> [WORK INSTRUCTIONS]: With the pictures removed, the data below must be transcribed in full and exactly.

> [DATASET EXCERPT]:
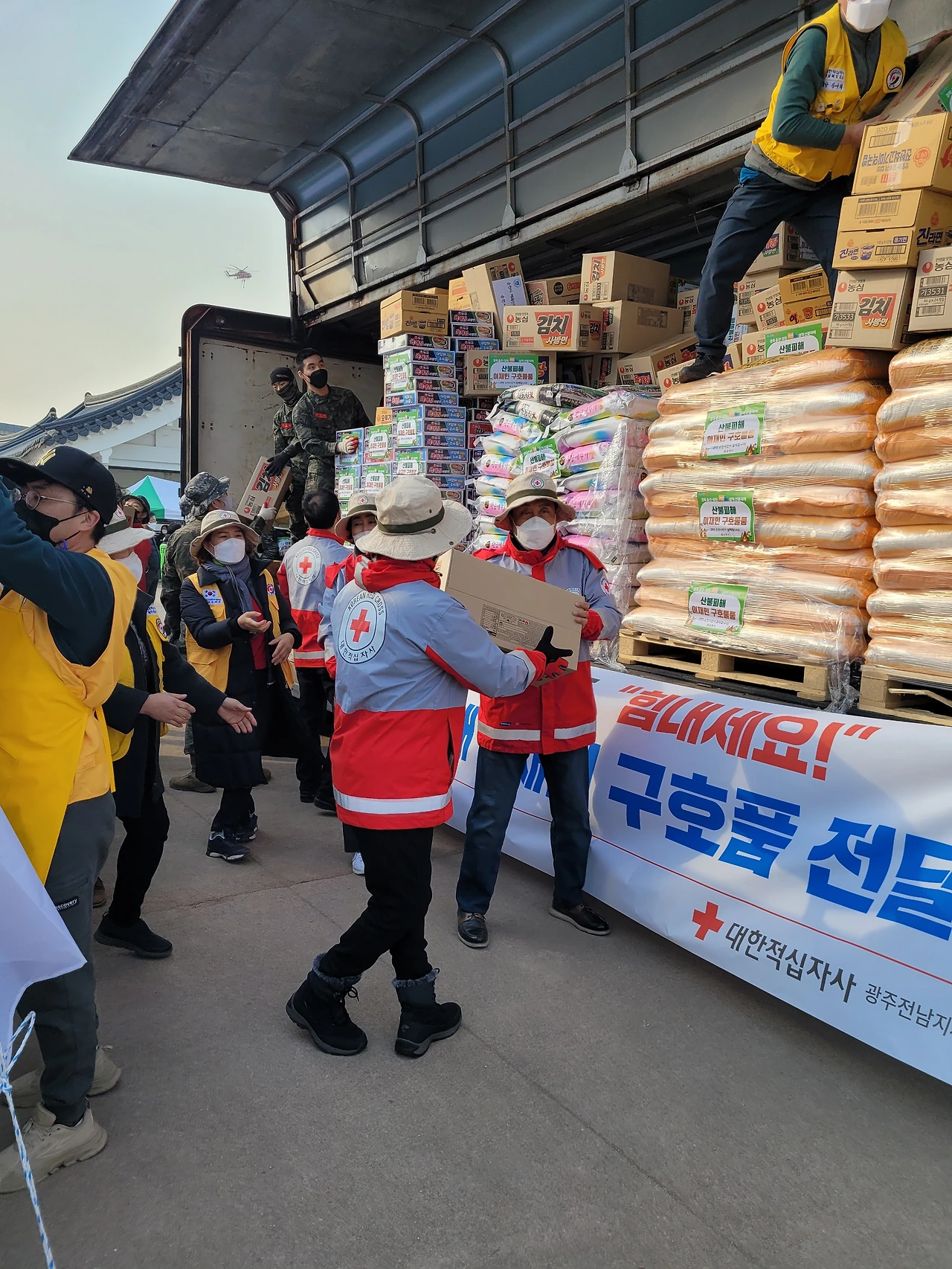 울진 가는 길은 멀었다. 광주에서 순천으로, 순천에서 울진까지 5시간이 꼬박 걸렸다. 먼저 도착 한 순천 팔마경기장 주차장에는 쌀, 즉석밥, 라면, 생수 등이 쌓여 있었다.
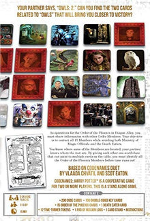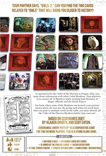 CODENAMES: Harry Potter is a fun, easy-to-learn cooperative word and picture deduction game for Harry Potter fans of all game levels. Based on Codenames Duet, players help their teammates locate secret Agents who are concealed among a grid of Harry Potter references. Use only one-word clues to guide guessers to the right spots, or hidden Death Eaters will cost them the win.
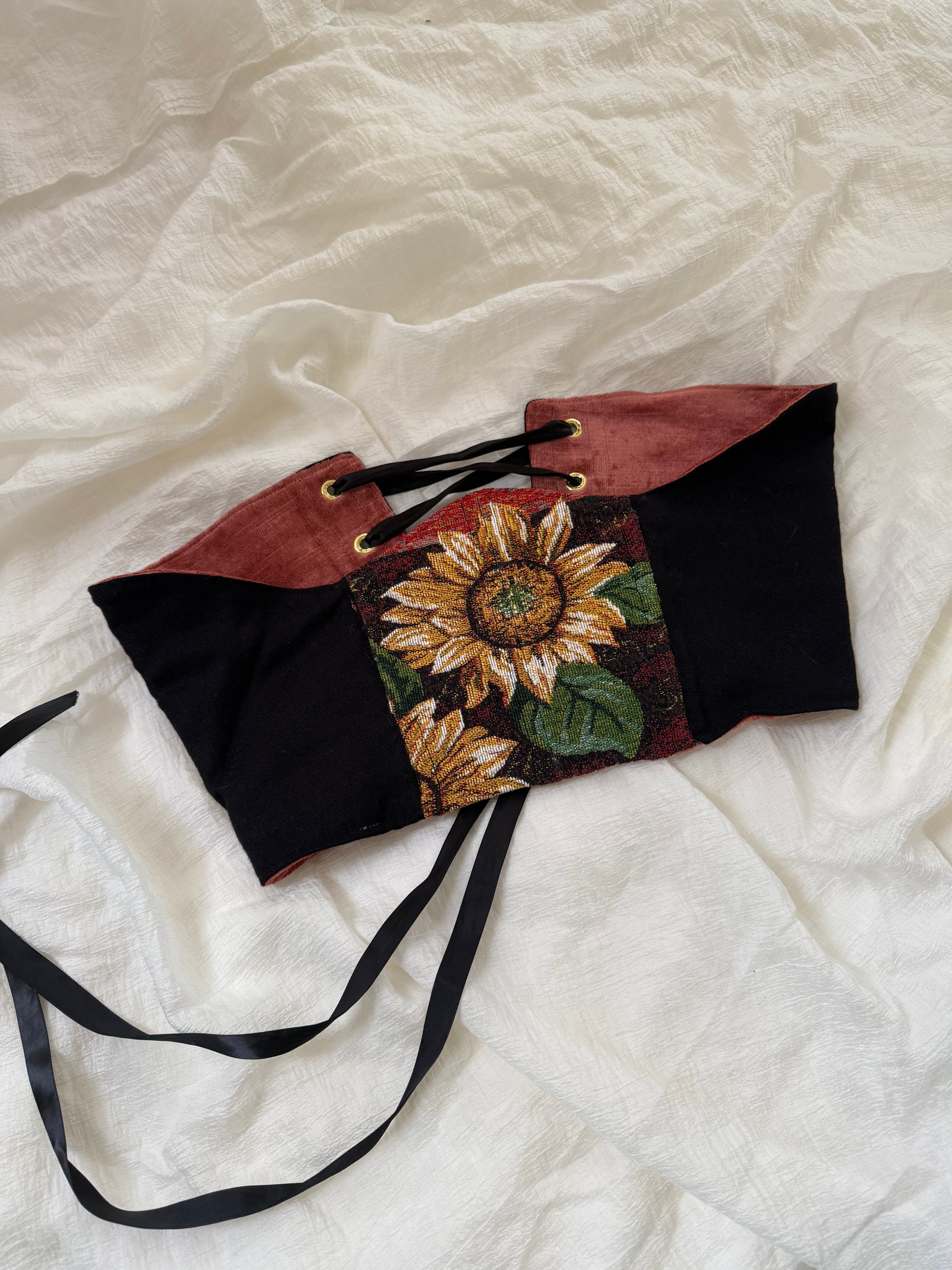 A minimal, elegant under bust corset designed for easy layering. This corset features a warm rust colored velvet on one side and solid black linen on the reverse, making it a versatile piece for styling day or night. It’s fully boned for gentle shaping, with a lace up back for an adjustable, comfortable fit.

> [YOUR SOLUTION]:
 울진 가는 길은 멀었다. 광주에서 순천으로, 순천에서 울진까지 5시간이 꼬박 걸렸다. 먼저 도착 한 순천 팔마경기장 주차장에는 쌀, 즉석밥, 라면, 생수 등이 쌓여 있었다.
 CODENAMES: Harry Potter is a fun, easy-to-learn cooperative word and picture deduction game for Harry Potter fans of all game levels. Based on Codenames Duet, players help their teammates locate secret Agents who are concealed among a grid of Harry Potter references. Use only one-word clues to guide guessers to the right spots, or hidden Death Eaters will cost them the win.
 A minimal, elegant under bust corset designed for easy layering. This corset features a warm rust colored velvet on one side and solid black linen on the reverse, making it a versatile piece for styling day or night. It’s fully boned for gentle shaping, with a lace up back for an adjustable, comfortable fit.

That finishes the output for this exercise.